Dans un entretien à Acteurs publics, le leader de Force ouvrière dénonce avec virulence la Révision générale des politiques publiques et estime que le Président n'en a pas suffisamment suivi la mise en oeuvre.
Selon ses calculs, 10 % des directeurs départementaux interministériels nommés en janvier 2010 ont déjà changé.
Vous venez d'actualiser le livre noir de la RGPP.
Quelles sont vos principales critiques contre cette démarche de réforme de l'administration ?
La RGPP a deux défauts principaux. Primo, elle procède d'une vision idéologico-budgétaire : il fallait réduire les dépenses publiques, donc le gouvernement a réformé l'État. Mais c'est
la logique inverse qu'il aurait fallu suivre. Se poser d'abord la question des missions des services publics, puis en déduire les réorganisations à mener. Le second défaut majeur est que
Nicolas Sarkozy et François Fillon se sont peu à peu désintéressés de la mise en oeuvre de la RGPP dans les ministères. La preuve : en mars dernier, lorsque je leur ai remis une liste de 11
exemples de dérives, ils ont eu l'air de découvrir les conséquences de la RGPP sur le terrain.
Quels exemples avez-vous détaillés au Président et au Premier ministre ?
J'ai particulièrement insisté sur l'expérimentation en cours dans les abattoirs porcins de Bretagne. Elle vise à réduire, voire à supprimer, les recours aux services vétérinaires publics en les
remplaçant par des normes préétablies et un système d'autocontrôle. Cela aboutit à un recul de la sécurité sanitaire, puisque les services vétérinaires ne réalisent plus l'inspection des
animaux vivants avant l'abattage dans certains cas. L'autre exemple, sur lequel Nicolas Sarkozy et François Fillon ont tiqué, touche à la gestion des fleuves. L'État a fortement réduit ses
effectifs dans la surveillance des berges et la gestion des crues. Ce qui signifie que les populations sont de moins en moins protégées contre les risques d'inondations liés à l'usure des
digues.
Les élus locaux souffrent-ils de ces réformes ?

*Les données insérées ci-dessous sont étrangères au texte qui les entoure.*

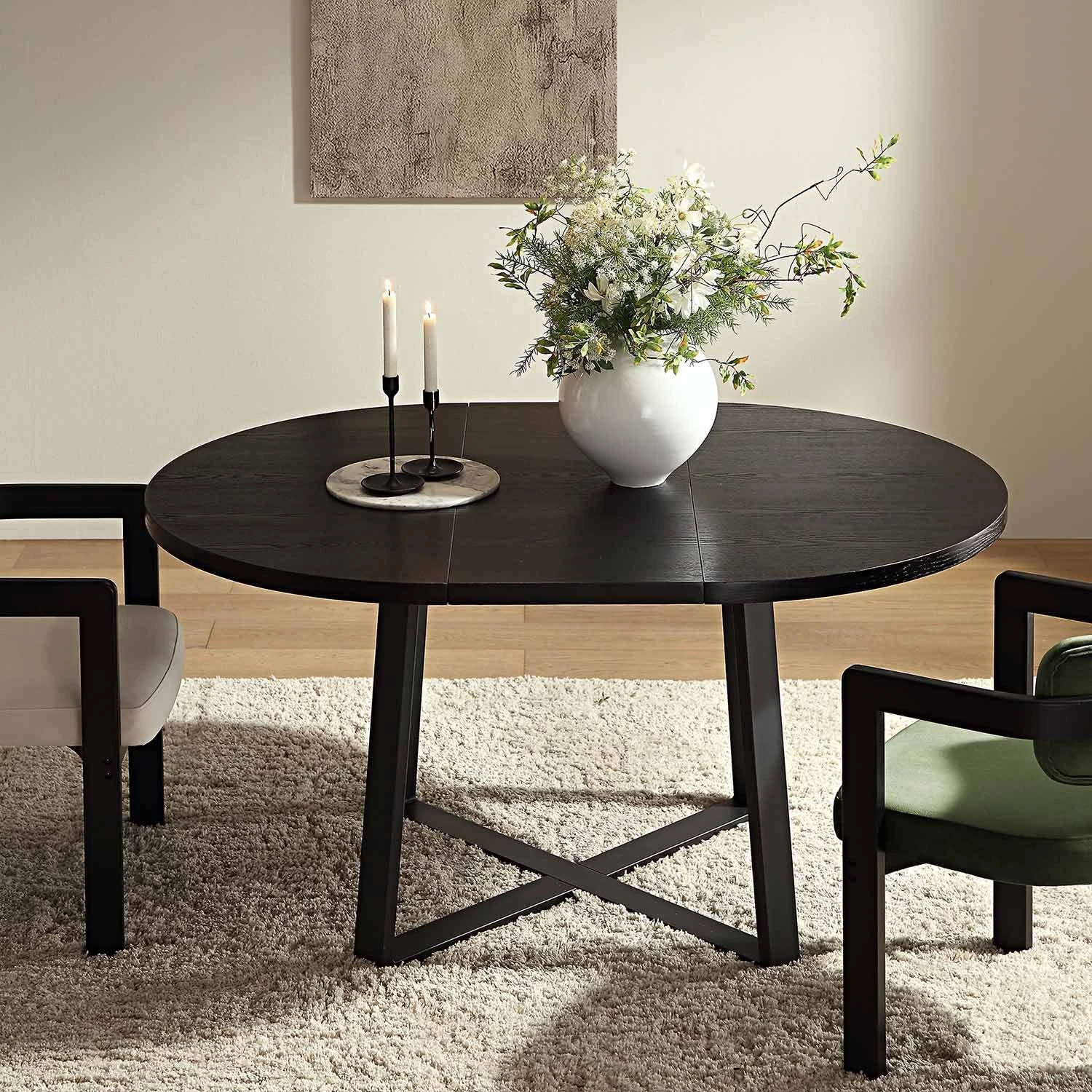 - ๏ปฟComplete the look:ย ๏ปฟPictured with our Bern Extending Round Dining Table is our stylish Stanford Dining Chairs in Moss Green and Champagne Velvet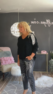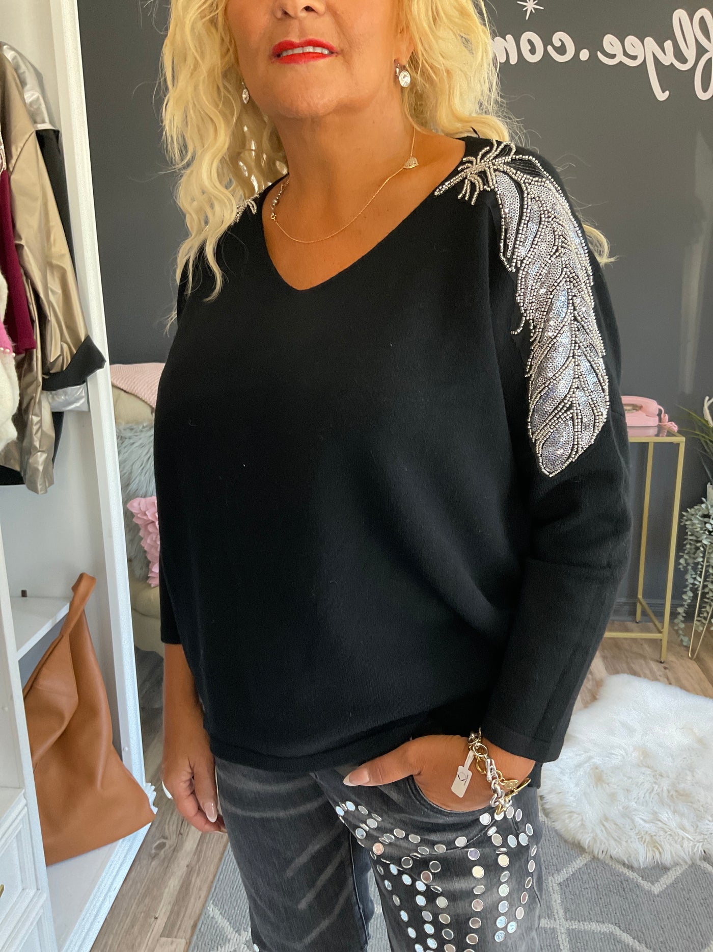 Haut noir avec ailes avec paillettes,taille oversize 60 pouces de buste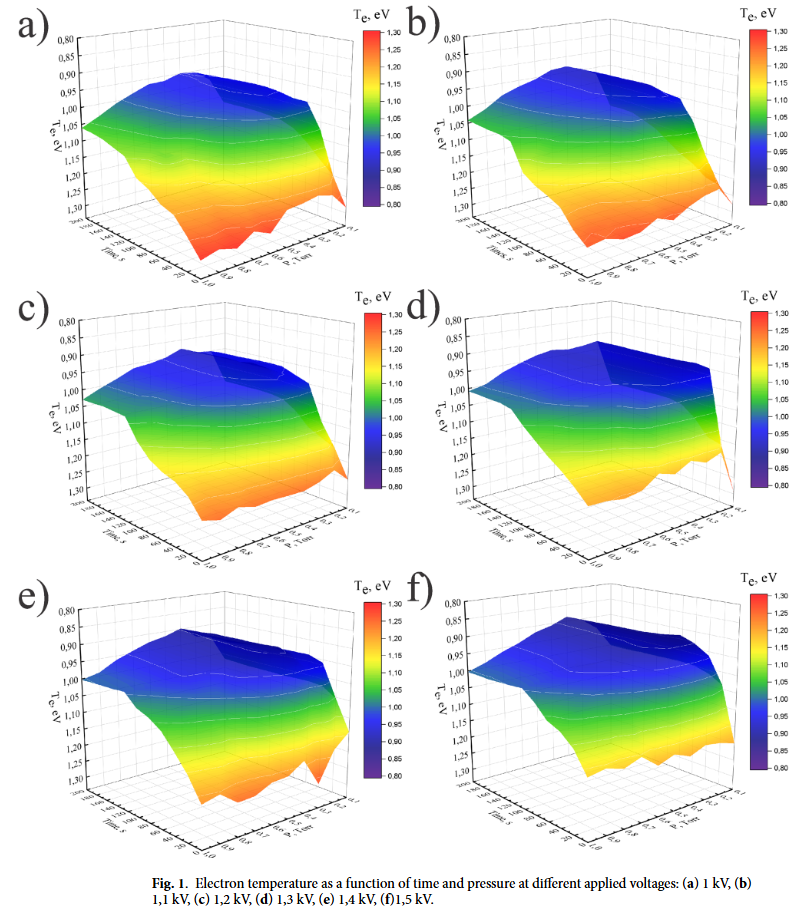 В исследовании для сбора спектров эмиссии плазмы использовался спектрометр ATP2000. Анализируя соотношения интенсивностей спектральных линий, исследователи оценили временную эволюцию электронной температуры. Прибор располагался перпендикулярно разрядной трубке и фокусировался на области положительного столба постоянного тока тлеющего разряда. Результаты показали, что электронная температура достигала своего максимального значения (1,3 эВ) на начальной фазе и постепенно снижалась по мере образования и роста наночастиц. Этот процесс тесно коррелировал с изменением размера и концентрации частиц.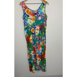 JAMS WORLD Janice Hawaiian Floral Print Sleeveless empire Womens Dress Small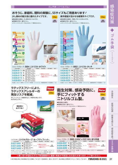 感染症対策ゴム手袋(ニトリルゴム)手指衛生密閉の回避密集を避ける感染経路を絶つマスク・手袋他[イワツキ]ニトリルグローブセーフティフィット®商品種別M価税抜税抜価格税込価格単位お申込番号8-637-54918-637-54928-637-5493手のひら幅/86±4mm、型式/004-41720SM手のひら幅/98±4mm、L型式/004-41721手のひら幅/107±4mm、型式/004-41722オープン※価格はUCHIDASインターネットショップでご確認ください。1箱(100枚入)●全長/23cm以上●厚み/手のひら:0.08mm、指先:0.1mm●材質/アクリルニトリルブダジエンラバー、ドデシルベンゼンスルホン酸ナトリウム、硫黄、酸化亜鉛、ジブチルジチオカルバミン酸亜鉛、二酸化チタン●一般医療機器●包装数:1/10[ショーワグローブ]885ロゼピンクのつかいきり手袋お申込番号8-636-82978-636-82988-636-8299商品種別手のひらまわり/17cm、型式/4901792024433SM手のひらまわり/19cm、L型式/4901792024440手のひらまわり/21cm、型式/4901792024457M価税抜税抜価格税込価格単位オープン※価格はUCHIDASインターネットショップでご確認ください。1箱(50枚入)●全長/24cm●厚み/0.075mm●材質/ニトリルゴム●色/ロゼピンク●調理使用可●左右兼用タイプ●包装数:1/20※使い切り手袋はカタログ有効期間中に価格・供給が不安定になる恐れがあります。ご了承ください。※表示価格は税込・税抜価格どちらも掲載しております。税抜価格を一番太い赤文字で、税込価格は消費税率10%として表示しております。202127ゴム手袋(ニトリルゴム)おそうじ、家庭科、理科の実験に。SSサイズもご用意あります!少し厚めの耐久性に優れたタイプです。素手感覚が活かせる極薄手タイプです。●食品衛生法適合。少し厚めの0.1mmです。●伸縮性があり、破れにくい。※ラテックスアレルギーの元となるタンパク質を含みません。●食品衛生法適合。作業しやすい0.08mmです。●伸縮性があり、破れにくい。※ラテックスアレルギーの元となるタンパク質を含みません。100枚入調理使用可使用例100枚入調理使用可使用例[ショーワグローブ]884ニトリスト・ホワイト[ショーワグローブ]882ニトリスト・タッチM価税抜税抜価格税込価格単位商品種別M価税抜税抜価格税込価格単位お申込番号8-636-81718-636-81728-636-81738-636-81748-636-8231SSSMLLL商品種別手のひらまわり/16cm、型式/4901792022866手のひらまわり/17cm、型式/4901792022873手のひらまわり/19cm、型式/4901792022880手のひらまわり/21cm、型式/4901792022897手のひらまわり/22.5cm、型式/4901792022903オープン※価格はUCHIDASインターネットショップでご確認ください。1箱(100枚入)オープン※価格はUCHIDASインターネットショップでご確認ください。1箱(100枚入)お申込番号8-636-82168-636-82178-636-82188-636-82198-636-8220SS手のひらまわり/16cm、S型式/4901792020893手のひらまわり/17cm、型式/4901792020909手のひらまわり/19cm、型式/4901792020916手のひらまわり/21cm、型式/4901792020923手のひらまわり/22.5cm、型式/4901792020930MLLL●全長/24cm●厚み/0.1mm●材質/ニトリルゴム●調理使用可●包装数:1/20●全長/24cm●厚み/0.08mm●材質/ニトリルゴム●調理使用可●包装数:1/20ラテックスフリーにより、ラテックスアレルギーの発生リスクを軽減。手にフィットして、装着感がよく、伸長率が高いので、ぬぎはめしやすい。100枚入検診時におすすめ!衛生対策、感染予防に。手にフィットするニトリルゴム製。●食品衛生法適合。●伸縮性があり、破れにくい。※ラテックスアレルギーの元となるタンパク質を含みません。使用例50枚入調理使用可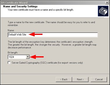 7. The Name and Security dialog box appears. Enter the certificate name in the Name field. You can give the certificate any name you wish, however it is probably best to give it the same name as your Web site. Select 1024 in the Bit length field, and then select the Next > button.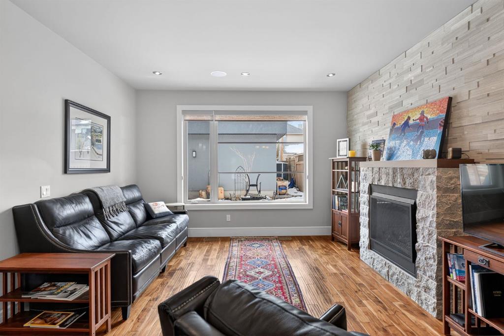 This beautifully finished contemporary duplex showcases exceptional quality, craftsmanship, and thoughtful design throughout. The open-concept main level is flooded with natural light from oversized windows, creating a bright and inviting atmosphere perfect for both everyday living and entertaining. At the heart of the home, the centrally located kitchen is designed to bring people together. It features full-height maple cabinetry, sleek countertops, and commercial-grade appliances—blending style and function seamlessly. Rich wood tones carry throughout the home, highlighted in the elegant stair railings, custom millwork, and stunning exotic acacia hardwood floors. A striking full-height natural stone feature wall frames the fireplace and provides a dramatic backdrop for the gas range. The main floor also offers a practical and stylish layout with a rear mudroom, a dedicated home office, and a convenient powder room. Upstairs, a large skylight pours natural light into the stairwell and hallway, leading to a luxurious primary retreat complete with a spa-inspired 5-piece ensuite featuring a soaker tub, oversized walk-in shower, and a spacious walk-in closet with custom built-ins. Two additional generously sized bedrooms, a full bathroom, and an upper-level laundry room provide comfort and convenience for the whole family. The fully developed basement expands your living space with a large recreation area, wet bar, fourth bedroom with a walk in closet, full bathroom, and ample storage—perfect for guests or entertaining. The insulated and drywalled double garage boasts impressive 14-foot ceilings, ideal for additional storage. Located on a quiet street in a welcoming community with great neighbours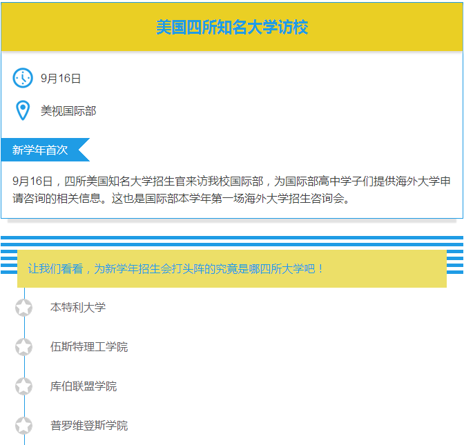 本次大學招生咨詢會是本學年第一次融合部全體高中生參加的大學咨詢會。在接下來的數月里,來自多所海外大學的招生官將陸續到訪我校,為學生們提供更多的海外大學申請方面的信息。我們相信,在不久的將來,本屆融合部畢業班的學生們定能在兩位升學指導老師的指導下獨立完成大學申請,并拿到心儀海外大學的通知書,我們拭目以待吧!

Ce sont surtout les petites communes qui pâtissent de la baisse des effectifs de l'État, puisqu'elles ne peuvent plus s'appuyer sur les services ministériels. Les communes doivent de plus en
plus faire appel à des cabinets privés pour leurs chantiers d'aménagement, mais toutes n'en ont pas les moyens ! Cela a des effets très concrets pour la sécurité des populations. Exemple :
après la collision du 2 juin 2008 entre un train et un bus scolaire, le secrétaire d'État aux Transports de l'époque, Dominique Bussereau, avait demandé aux préfets de coordonner des
diagnostics sécurité de tous les passages à niveaux de France. Les conseils généraux les ont menés, mais pas les petites communes par manque de moyens financiers et humains. Et les directions
départementales des territoires de l'État, réduites à la portion congrue, n'ont pas pu les épauler, ni contrôler les diagnostics.
Comment ces transformations sont-elles ressenties par les fonctionnaires ?
Les agents de l'État souffrent de la RGPP à tous les niveaux hiérarchiques. À FO, nous recevons de plus en plus d'informations de la part de hauts fonctionnaires qui ne sont pas militants chez
nous, mais qui souhaitent dénoncer les effets des réorganisations en cours. Certains éminents serviteurs de l'État, habitués au devoir de réserve, ne supportent plus ces remises en cause du
service public. Le malaise des cadres publics se traduit d'ailleurs par une instabilité aux plus hauts postes. Selon nos chiffres, environ 10 % des directeurs et directeurs adjoints nommés
à la tête des nouvelles directions départementales interministérielles en janvier 2010 ont déjà changé. Certains ont été démissionnés, d'autres ont préféré rejoindre un autre poste dans
leur ministère d'origine ou une collectivité locale. D'autres encore sont partis dans le privé. C'est bien le signe que la réforme de l'administration territoriale de l'État n'est pas soutenue
par ceux qui sont censés la mettre en oeuvre.